Given a Borel measure $\mu$ on a compact metric space, is there a continuous map $T$ such that $T$ is $\mu$ ergodic?

Question

Given a continuous (surjective) map of a compact metric space, the Kryloff-Bogolioubuff argument shows that there is at least $T$ invariant measure and hence one or uncountably many measures for which $T$ is ergodic. Is every Borel measure ergodic (and invariant) for some continuous map?

Answer 1

An ergodic invariant measure associated to a periodic orbit is uniform over that orbit. Therefore, a finitely supported measure that is not uniform over its support is not an ergodic invariant measure for any measurable transformation.

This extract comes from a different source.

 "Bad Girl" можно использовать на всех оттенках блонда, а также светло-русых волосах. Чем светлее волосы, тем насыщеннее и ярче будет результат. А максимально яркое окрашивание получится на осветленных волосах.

Update: I suspect that the answer remains negative even if you assume the measure to be non-atomic, but I don't know a counter-example. However, if you do not require the map to be continuous (but merely measurable), then the answer becomes positive: every non-atomic probability measure on a compact metric space is ergodic for some measurable transformation.

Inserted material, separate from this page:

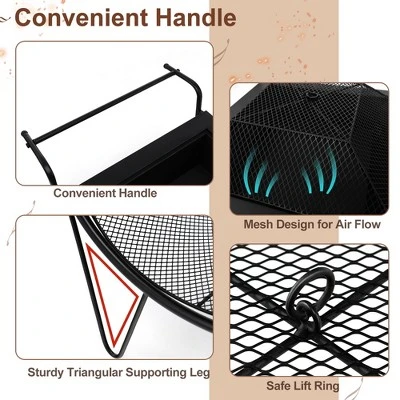 - Safe & Reliable Design: When you burn logs in the fire pit, the spark screen effectively protects you from flying embers. The mesh design on the spark screen is good for air flow. Besides, the round ring allows you to lift the screen safely. And the sturdy steel frame is high-temp resistant for extra security.

Namely, if $X$ is a complete separable metric space and $\mu$ is a non-atomic Borel probability measure on $X$, then the measure space $(X,\mu)$ is isomorphic mod $0$ to the unit interval with the Lebesgue measure. Take any map on the unit interval for which the Lebesgue measure is ergodic (say an irrational rotation) and lift it to $X$.

Answer 2

Any constant map is continuous and the only invariant sets are $\emptyset$ and the whole space. Hence, any measure is ergodic with respect to a constant map.

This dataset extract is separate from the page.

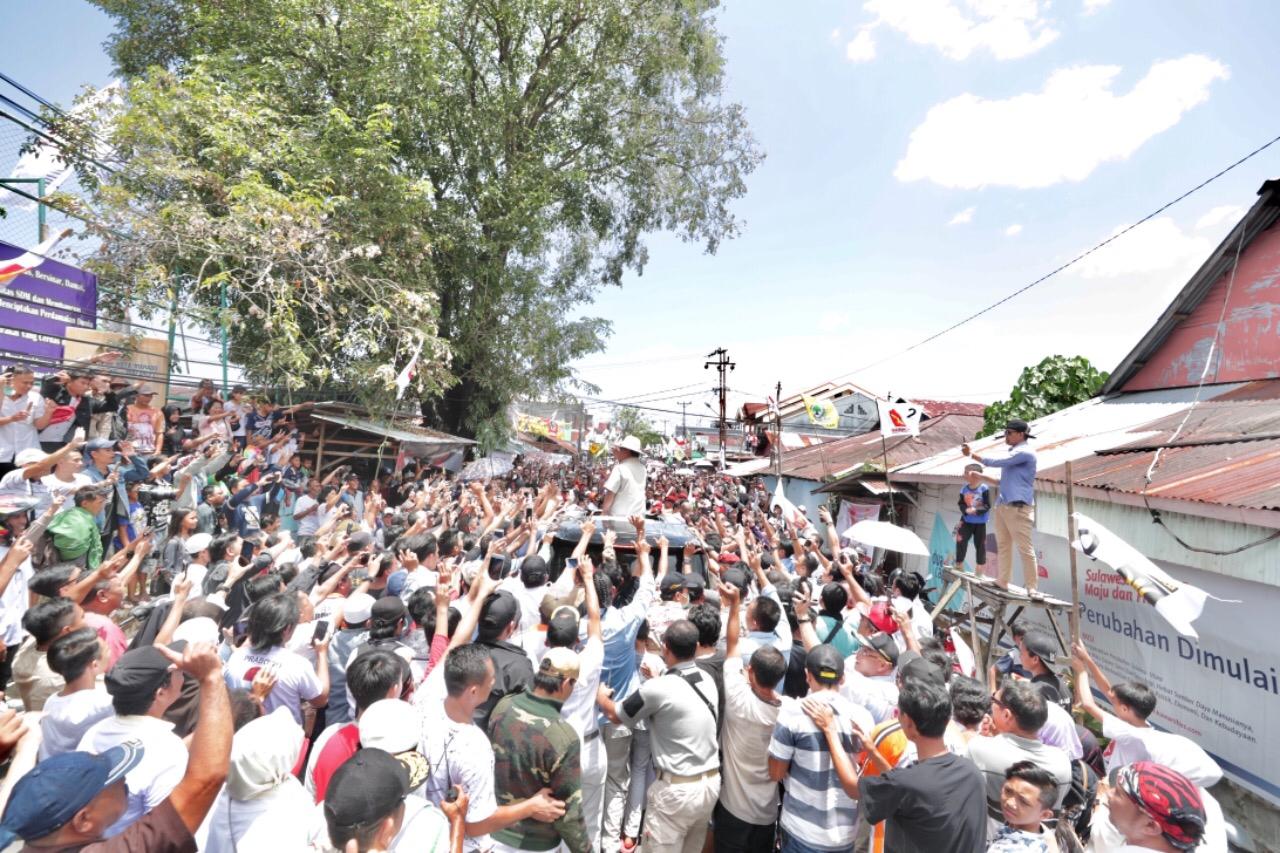 “Saya sejak pukul Dzuhur tadi disini, menanti Bapak Prabowo, yang lain ada yang masih di Mall, di menara Bosowa dan sebagian masih di sekitaran Jalan Pettarani menuju kesini,” kata Daeng Tolla Warga Makassar.

But I suspect that you meant invariant ergodic measures. Nice question but that is a whole different matter and I am strictly answering your question. However, note that ergodic theory doesn't start with invariant measures. For example, a measure is ergodic if and only if any function that is invariant almost everywhere is in fact constant almost everywhere. This does not require the measure to be invariant!

Just a little correction: Krylov-Bogolubov's theorem requires a compact metric space.